*** Opening Records to use ***

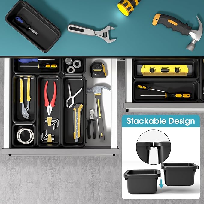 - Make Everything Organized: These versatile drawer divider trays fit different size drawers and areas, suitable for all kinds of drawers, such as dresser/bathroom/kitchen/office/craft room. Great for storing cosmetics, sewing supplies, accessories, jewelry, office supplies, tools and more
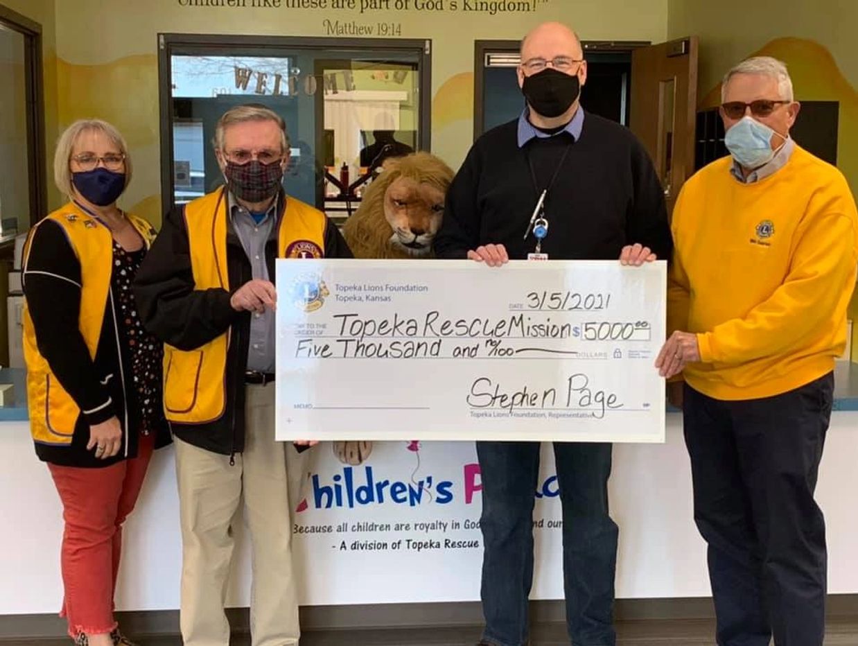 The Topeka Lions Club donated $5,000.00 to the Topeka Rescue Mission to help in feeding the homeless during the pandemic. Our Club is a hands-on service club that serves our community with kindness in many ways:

*** Closing Records to use ***
*** Opening Records to use ***

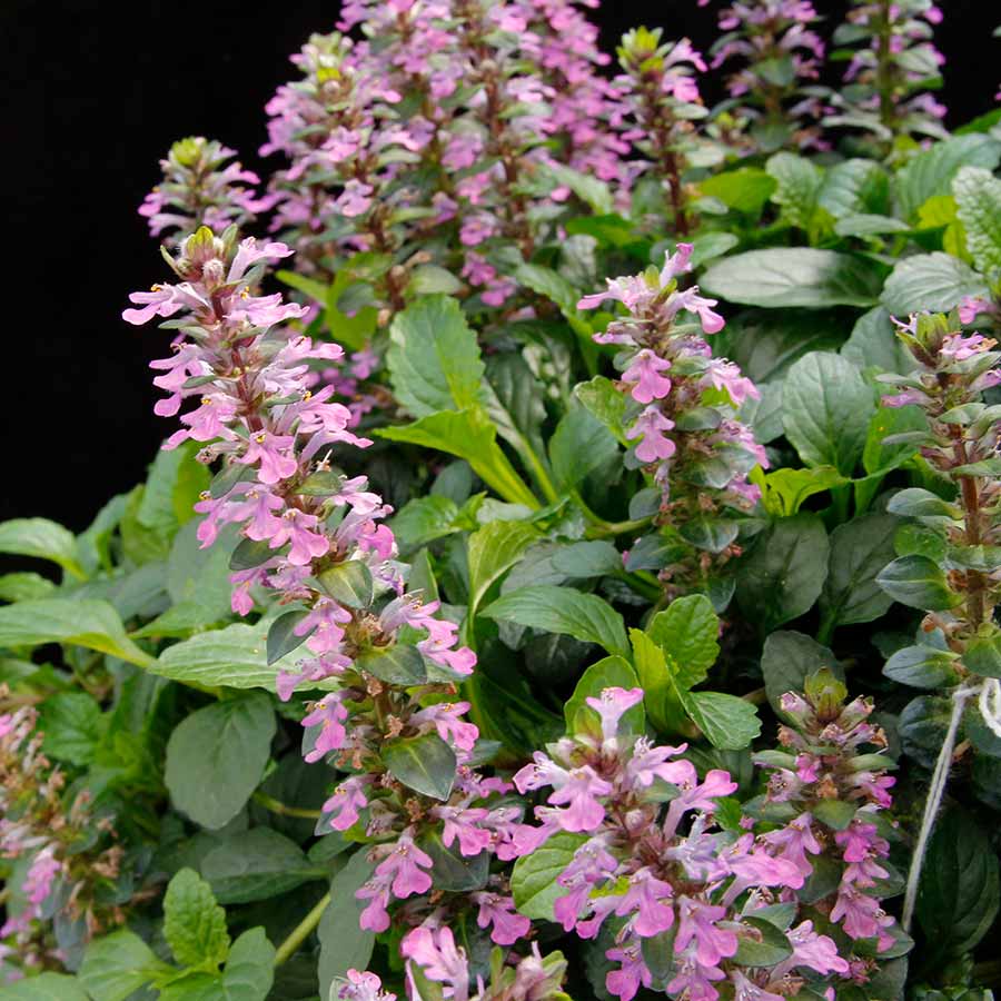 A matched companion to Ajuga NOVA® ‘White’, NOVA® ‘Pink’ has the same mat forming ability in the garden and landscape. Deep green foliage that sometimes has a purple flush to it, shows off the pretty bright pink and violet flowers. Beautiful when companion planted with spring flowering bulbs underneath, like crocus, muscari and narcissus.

*** Closing Records to use ***
*** Opening Records to use ***

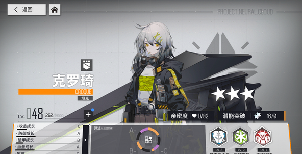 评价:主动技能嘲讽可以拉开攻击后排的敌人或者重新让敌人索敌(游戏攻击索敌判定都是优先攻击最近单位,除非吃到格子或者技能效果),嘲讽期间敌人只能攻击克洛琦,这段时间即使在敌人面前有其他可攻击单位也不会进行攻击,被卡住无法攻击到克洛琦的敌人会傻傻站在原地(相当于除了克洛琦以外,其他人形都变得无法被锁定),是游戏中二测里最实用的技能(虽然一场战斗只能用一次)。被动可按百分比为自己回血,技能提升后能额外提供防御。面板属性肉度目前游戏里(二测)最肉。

*** Closing Records to use ***

--- Work order ---
Return the stretch of data that begins with the line showing "- Make Everything" and goes on through the line showing "The Topeka Lions", exactly, with pictures removed.

--- Task result ---
 - Make Everything Organized: These versatile drawer divider trays fit different size drawers and areas, suitable for all kinds of drawers, such as dresser/bathroom/kitchen/office/craft room. Great for storing cosmetics, sewing supplies, accessories, jewelry, office supplies, tools and more
 The Topeka Lions Club donated $5,000.00 to the Topeka Rescue Mission to help in feeding the homeless during the pandemic. Our Club is a hands-on service club that serves our community with kindness in many ways:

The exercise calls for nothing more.